• _Entries provided_
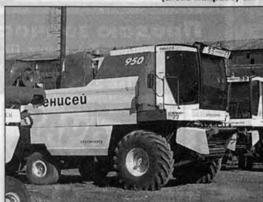
Разве это не красавец?
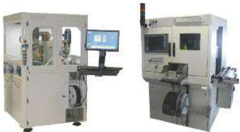
Applications dans l'optique, la robotique, le nano-positionnement...

(1) Les sociétés ISP System, Bihurcrystal, Graphene NanoTech avec l'Institut des matériaux de Barcelone (ICMAB, CSIC), l'Institut des sciences des matériaux d'Aragon (ICMA CSIC), le Centre de Physique des matériaux (CFM, CSIC), l'Institut catalan de nanosciences et nanotechnologie (ICN2), l'Université de Saragosse (Unizar), le Synchrotron Alba.
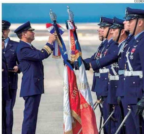
LA CEREMONIA SE HIZO EN LA BASE AÉREA CERRO MORENO.
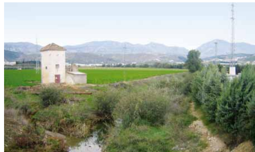
Vista desde la desembocadura del arroyo de Romeral
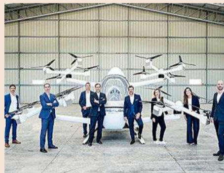
Miembros del comité ejecutivo de Crisalion Mobility con uno de los vehículos aéreos de la empresa.

Crisalion Mobility , la antigua Umiles Next, apuesta fuerte por la movilidad aérea y terrestre. Sus promotores están convencidos de que en 2030 las aeronaves eléctricas estarán presentes de forma habitual en trayectos urbanos y regionales y recuerdan que ya existen experiencias de movilidad terrestre autónoma teledirigidas desde un centro de control como la que ellos han desarrollado. La empresa ha llevado a cabo pruebas de vuelo en
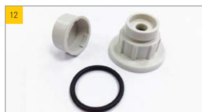
Artikel Abdeckkappe, Schraubkappe, O-Ring Artikel-Nr. 0151467, 0170171, 0166006

Manuelle Entriegelung für Aufstellaggregate in Verbindung mit Dachausstieg EDA-G
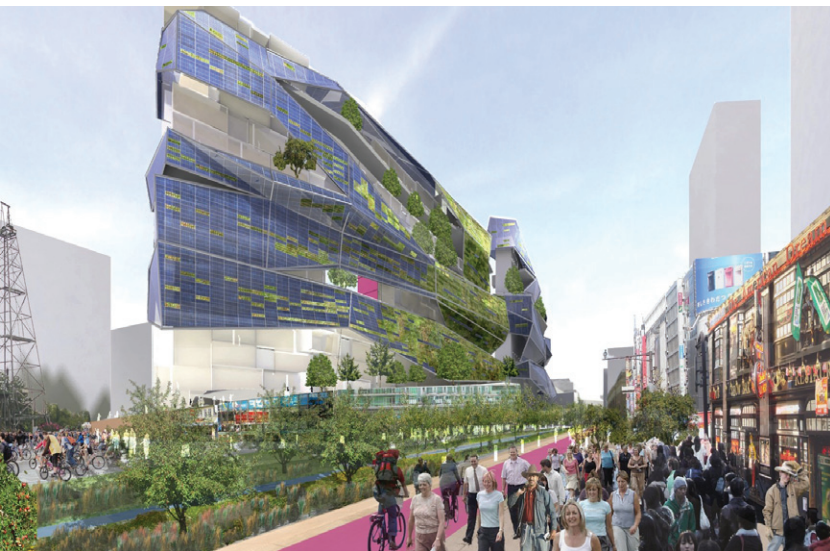
TU/e City of Tomorrow

Met ideeën hoe dit uitgewerkt kan worden voor het onderzoek en voor het onderwijs heeft Campus 2020, een internationaal vermaarde broedplaats voor duurzame innovaties, gereflecteerd op de toekomst. Het onderzoek en interdisciplinaire onderwijs op de drie Strategic Areas, worden zichtbaar toegepast en in de praktijk getest op en rond de campus in spraakmakende kringlopen. Dit gebeurt op een wervende en aantrekkelijke manier, met gerichte publiciteit, waardoor nieuwe groepen studenten worden aangetrokken. De TU/e toont hoe de toekomst eruit ziet. Daar verrijst de City of Tomorrow, waar de studenten van heinde en ver naartoe zullen komen om mee te werken, in onderzoek- en onderwijsprojecten. De leidende visie is het ontwerpen vanuit circulair denken: het sluiten van fysieke kringlopen, hergebruik van kennis en gebruik van hernieuwbare energiebronnen, gebaseerd op diversiteit. In deze visie staan de thema's Energy, Smart Mobility en Health centraal.

• _Task prompt_
With all pictures left out, please transcribe exactly the lines from the start of the material through the line with "Miembros del comité".

• _Finished exercise_
Разве это не красавец?
Applications dans l'optique, la robotique, le nano-positionnement...

(1) Les sociétés ISP System, Bihurcrystal, Graphene NanoTech avec l'Institut des matériaux de Barcelone (ICMAB, CSIC), l'Institut des sciences des matériaux d'Aragon (ICMA CSIC), le Centre de Physique des matériaux (CFM, CSIC), l'Institut catalan de nanosciences et nanotechnologie (ICN2), l'Université de Saragosse (Unizar), le Synchrotron Alba.
LA CEREMONIA SE HIZO EN LA BASE AÉREA CERRO MORENO.
Vista desde la desembocadura del arroyo de Romeral
Miembros del comité ejecutivo de Crisalion Mobility con uno de los vehículos aéreos de la empresa.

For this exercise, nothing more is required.